PROBLEM →
Copy exactly the lines of the data below, beginning with the line with "为方便考生及时准确了解到西交" and ending with the line with "strefy 2-20 |". Pictures are to be omitted.

SUPPLIED RECORDS →
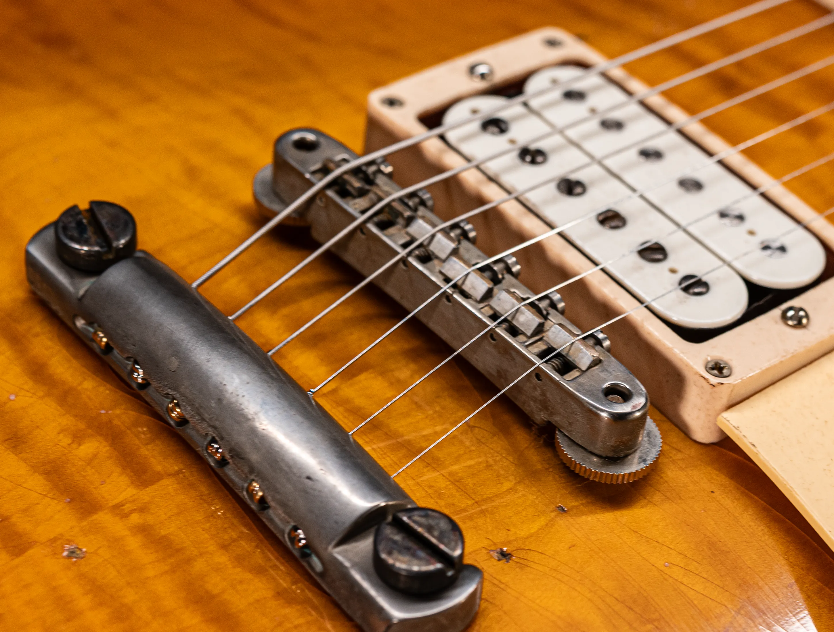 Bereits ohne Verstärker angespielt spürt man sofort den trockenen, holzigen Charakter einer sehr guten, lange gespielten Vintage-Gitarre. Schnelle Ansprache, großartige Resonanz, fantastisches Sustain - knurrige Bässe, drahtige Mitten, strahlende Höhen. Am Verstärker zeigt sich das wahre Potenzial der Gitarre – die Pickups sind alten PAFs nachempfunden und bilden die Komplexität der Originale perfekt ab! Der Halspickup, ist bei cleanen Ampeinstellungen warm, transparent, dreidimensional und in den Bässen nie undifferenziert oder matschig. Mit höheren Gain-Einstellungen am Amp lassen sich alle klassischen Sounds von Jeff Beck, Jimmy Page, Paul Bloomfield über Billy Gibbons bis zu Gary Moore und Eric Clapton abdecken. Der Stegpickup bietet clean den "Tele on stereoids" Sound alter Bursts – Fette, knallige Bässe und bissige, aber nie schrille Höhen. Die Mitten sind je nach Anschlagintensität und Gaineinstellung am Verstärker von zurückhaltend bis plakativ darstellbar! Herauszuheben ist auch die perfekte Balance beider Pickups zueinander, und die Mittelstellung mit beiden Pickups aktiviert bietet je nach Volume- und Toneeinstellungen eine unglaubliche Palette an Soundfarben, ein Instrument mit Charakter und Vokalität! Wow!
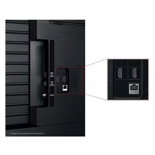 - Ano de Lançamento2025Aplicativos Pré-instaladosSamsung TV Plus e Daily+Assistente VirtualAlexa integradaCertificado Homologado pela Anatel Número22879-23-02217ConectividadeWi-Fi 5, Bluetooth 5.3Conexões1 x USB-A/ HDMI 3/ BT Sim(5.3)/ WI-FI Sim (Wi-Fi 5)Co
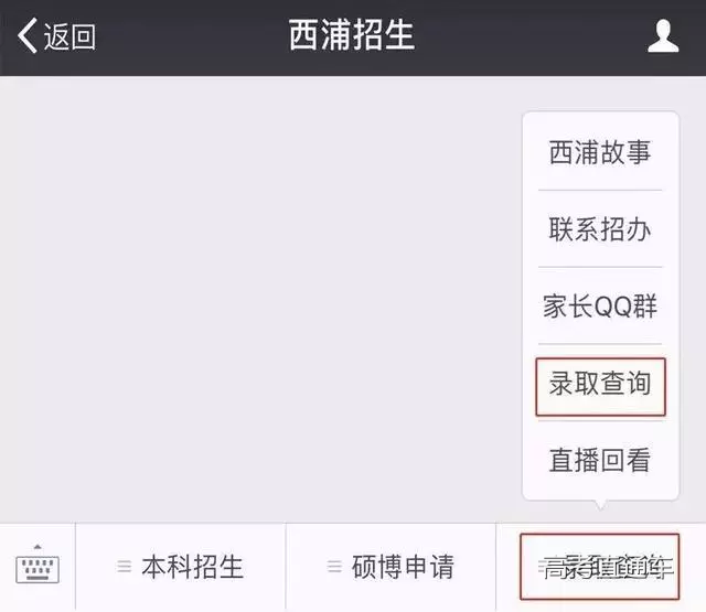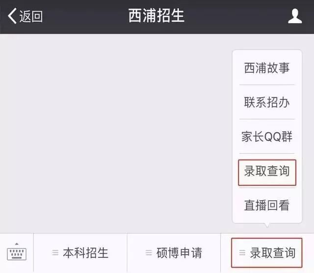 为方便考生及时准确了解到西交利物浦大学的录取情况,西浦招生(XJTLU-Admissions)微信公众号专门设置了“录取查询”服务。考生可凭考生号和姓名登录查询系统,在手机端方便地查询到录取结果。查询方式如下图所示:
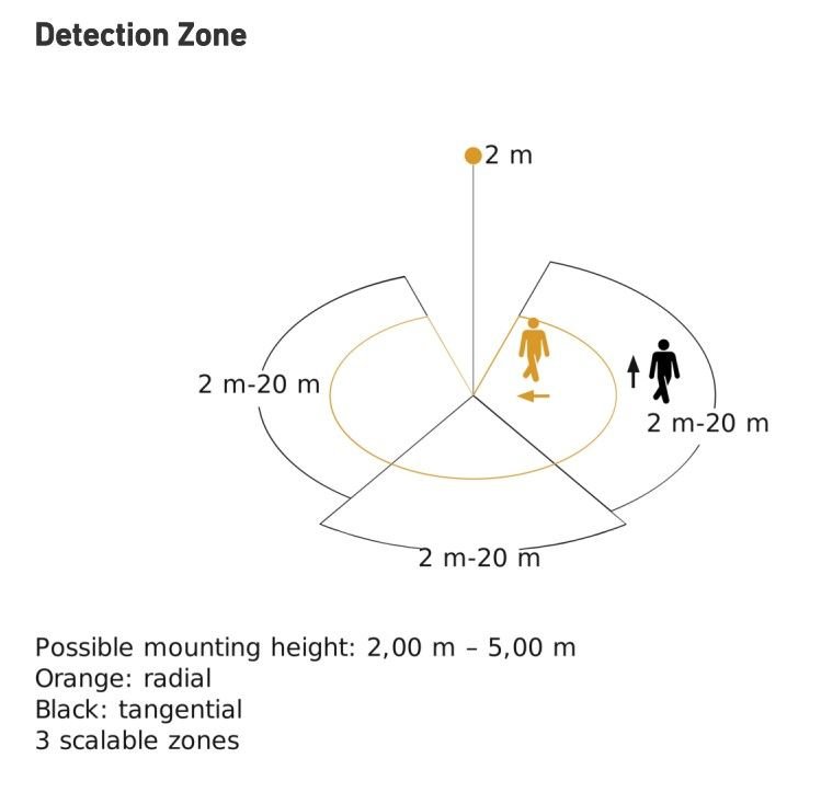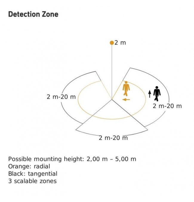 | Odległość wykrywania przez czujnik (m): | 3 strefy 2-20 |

--

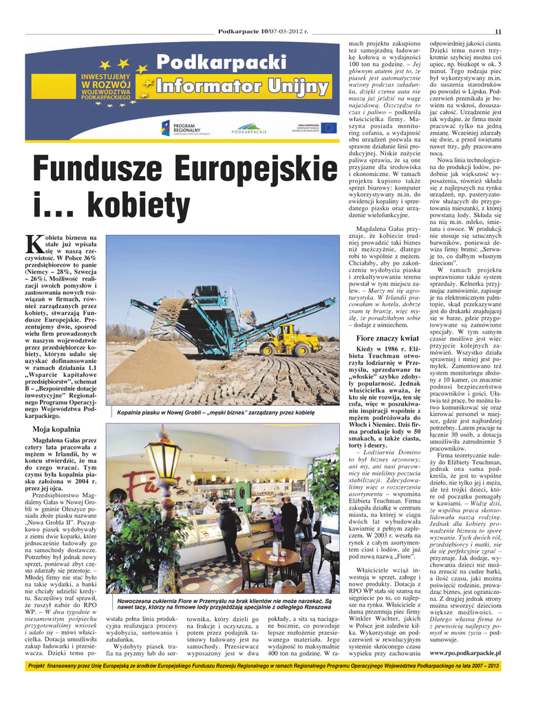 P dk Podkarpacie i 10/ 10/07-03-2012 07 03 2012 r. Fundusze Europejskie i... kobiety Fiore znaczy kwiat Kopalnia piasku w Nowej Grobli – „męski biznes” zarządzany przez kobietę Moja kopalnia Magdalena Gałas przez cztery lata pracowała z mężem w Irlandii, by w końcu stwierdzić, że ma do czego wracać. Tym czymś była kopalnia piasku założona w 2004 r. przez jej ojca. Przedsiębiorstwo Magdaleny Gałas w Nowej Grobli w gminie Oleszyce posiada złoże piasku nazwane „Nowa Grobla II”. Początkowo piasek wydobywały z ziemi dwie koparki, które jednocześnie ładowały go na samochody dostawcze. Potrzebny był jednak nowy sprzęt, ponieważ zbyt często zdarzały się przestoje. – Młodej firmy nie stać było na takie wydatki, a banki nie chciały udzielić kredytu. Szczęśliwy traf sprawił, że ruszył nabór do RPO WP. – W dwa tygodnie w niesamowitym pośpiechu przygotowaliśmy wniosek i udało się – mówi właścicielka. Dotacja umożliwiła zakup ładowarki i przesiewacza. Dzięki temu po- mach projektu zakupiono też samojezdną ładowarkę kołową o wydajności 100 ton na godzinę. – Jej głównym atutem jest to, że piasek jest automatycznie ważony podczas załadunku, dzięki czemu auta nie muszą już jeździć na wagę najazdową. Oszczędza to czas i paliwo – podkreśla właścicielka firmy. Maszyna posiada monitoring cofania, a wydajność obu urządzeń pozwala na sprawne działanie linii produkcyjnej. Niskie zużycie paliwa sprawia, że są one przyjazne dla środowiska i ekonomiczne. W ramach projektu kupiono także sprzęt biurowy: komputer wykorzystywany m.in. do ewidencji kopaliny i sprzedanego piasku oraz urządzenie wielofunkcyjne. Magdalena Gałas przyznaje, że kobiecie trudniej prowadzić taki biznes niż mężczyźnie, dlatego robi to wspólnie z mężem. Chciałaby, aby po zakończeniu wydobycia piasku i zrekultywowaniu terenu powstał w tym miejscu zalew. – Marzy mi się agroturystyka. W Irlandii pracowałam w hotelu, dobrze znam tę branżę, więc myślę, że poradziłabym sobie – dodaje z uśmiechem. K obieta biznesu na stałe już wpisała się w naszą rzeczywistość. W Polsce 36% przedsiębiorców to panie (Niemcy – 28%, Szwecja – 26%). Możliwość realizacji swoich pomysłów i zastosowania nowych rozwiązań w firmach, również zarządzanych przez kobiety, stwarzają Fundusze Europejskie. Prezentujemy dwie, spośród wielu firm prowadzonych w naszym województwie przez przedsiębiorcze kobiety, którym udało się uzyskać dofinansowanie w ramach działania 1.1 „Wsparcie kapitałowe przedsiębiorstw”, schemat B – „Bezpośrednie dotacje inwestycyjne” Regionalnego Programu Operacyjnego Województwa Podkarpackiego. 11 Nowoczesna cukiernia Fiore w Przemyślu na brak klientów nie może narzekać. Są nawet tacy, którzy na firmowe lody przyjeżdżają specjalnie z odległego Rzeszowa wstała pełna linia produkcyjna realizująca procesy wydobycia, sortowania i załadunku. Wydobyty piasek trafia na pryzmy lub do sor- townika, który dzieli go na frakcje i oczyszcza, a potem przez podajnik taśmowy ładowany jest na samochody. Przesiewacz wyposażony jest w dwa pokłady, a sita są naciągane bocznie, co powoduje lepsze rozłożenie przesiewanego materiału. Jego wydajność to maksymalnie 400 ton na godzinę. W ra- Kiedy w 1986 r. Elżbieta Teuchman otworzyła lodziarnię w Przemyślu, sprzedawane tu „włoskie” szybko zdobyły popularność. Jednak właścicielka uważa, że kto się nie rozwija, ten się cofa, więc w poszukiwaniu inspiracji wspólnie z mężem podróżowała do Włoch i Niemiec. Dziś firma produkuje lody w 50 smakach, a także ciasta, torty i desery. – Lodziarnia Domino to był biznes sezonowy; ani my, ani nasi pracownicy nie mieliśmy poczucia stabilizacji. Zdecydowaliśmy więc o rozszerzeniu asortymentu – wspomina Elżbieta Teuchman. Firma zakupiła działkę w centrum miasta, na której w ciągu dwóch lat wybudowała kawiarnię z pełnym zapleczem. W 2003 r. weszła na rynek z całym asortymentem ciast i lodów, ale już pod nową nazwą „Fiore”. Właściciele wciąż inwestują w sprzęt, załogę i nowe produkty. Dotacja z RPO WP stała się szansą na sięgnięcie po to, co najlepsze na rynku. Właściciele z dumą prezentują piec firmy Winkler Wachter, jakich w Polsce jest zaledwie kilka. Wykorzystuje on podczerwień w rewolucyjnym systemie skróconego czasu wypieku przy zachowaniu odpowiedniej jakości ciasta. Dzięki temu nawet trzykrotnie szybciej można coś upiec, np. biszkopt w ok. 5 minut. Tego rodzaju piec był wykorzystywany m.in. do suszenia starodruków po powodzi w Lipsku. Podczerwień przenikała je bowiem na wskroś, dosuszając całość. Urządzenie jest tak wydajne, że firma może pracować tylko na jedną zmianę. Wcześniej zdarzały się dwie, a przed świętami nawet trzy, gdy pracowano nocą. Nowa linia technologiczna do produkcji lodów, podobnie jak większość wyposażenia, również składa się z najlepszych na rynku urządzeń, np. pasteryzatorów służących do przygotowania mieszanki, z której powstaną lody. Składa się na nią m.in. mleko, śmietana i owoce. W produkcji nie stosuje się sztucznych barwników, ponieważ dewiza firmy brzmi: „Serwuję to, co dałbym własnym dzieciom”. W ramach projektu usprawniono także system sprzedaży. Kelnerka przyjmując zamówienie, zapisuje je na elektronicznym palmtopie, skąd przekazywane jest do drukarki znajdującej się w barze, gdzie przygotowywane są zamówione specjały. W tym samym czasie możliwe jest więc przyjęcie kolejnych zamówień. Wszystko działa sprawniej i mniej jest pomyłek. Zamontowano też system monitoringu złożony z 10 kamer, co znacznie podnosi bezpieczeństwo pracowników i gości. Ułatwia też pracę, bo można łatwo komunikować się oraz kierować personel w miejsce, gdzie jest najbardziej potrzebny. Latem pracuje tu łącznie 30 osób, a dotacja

RESULT →
 为方便考生及时准确了解到西交利物浦大学的录取情况,西浦招生(XJTLU-Admissions)微信公众号专门设置了“录取查询”服务。考生可凭考生号和姓名登录查询系统,在手机端方便地查询到录取结果。查询方式如下图所示:
 | Odległość wykrywania przez czujnik (m): | 3 strefy 2-20 |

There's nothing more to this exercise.